* * *
Где он оборвется, путь земной?..
Стыдно за пустые разговоры.
Господи, поговори со мной,
Может быть, меня не станет скоро.
Ни тоске не верь, ни куражу,
Это и не откровенье даже.
Просто,
то, что я Тебе скажу,
Может быть, Тебе никто не скажет.
* * *
Спустя дунайской дельты рукава,
С пути сбиваясь, опустив слова,
Из всех привычных ритмов выпадая,
Я изменил фарватера зигзаг.
И отразилась вмиг в моих глазах
Серо-зелёная вода Дуная.
Моë зеленоглазое дитя,
Дунайской дельты рукава спустя
Меня опять одолевают страхи.
И снова — сам себе коварный враг —
Я путаюсь в потёртых рукавах
Печали. Как в смирительной рубахе.
Дунайской дельты рукава спустя
Мне кажется пожизненной статья,
Приговорившая меня к печали.
Моё желтоволосое дитя,
Мне так невыносимо без тебя,
Как будто впрямь в небытие отчалил.
В раю, где облака и камыши,
Снимает вдохновенье барыши.
Но мне не до тебя, Господне лоно.
Спустя дунайской дельты рукава
Всё жду: а вдруг появятся слова,
Чтоб прохрипеть тебе по телефону.
Туннель
Готовясь к жестокой ассирийской осаде, жители Иерусалима пробили туннель в скале, изменив русло ручья Гихон. "...А в день завершения туннеля каменотесы ударяли навстречу друг к другу, кирка против кирки. И потекла вода из источника на расстояние 1200 локтей, и 100 локтей была высота скалы над головами каменотесов".

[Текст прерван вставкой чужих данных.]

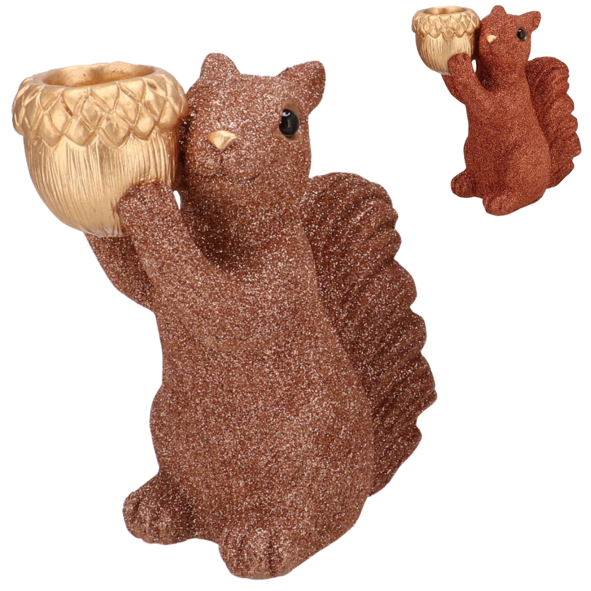 Item is supplied assorted, price is per piece. This decorative squirrel figure with bowl from the Jingle series comes in different colours. The gold-coloured bowl can be used for small decorations or a tea light. An atmospheric accent that fits perfectly in any interior or during festive occasions.

Надпись на стене туннеля (т.н. "силоамская надпись"), VIII в. до н. э.
В петле ассирийской орды,
Могучим соседом тесним,
Плотнее смыкает ряды
Отчаянный Йерусалим.
С какой не всмотрись стороны,
Чужие хоругви видны.
Мы долгу и Богу верны,
Но как воевать без воды?
В ответ на людскую хулу
Пророк расшифрует свой сон:
Пробейте туннель сквозь скалу,
Пусть русло изменит Гихон.
Народ устаёт от идей,
Но вещие сны не солгут.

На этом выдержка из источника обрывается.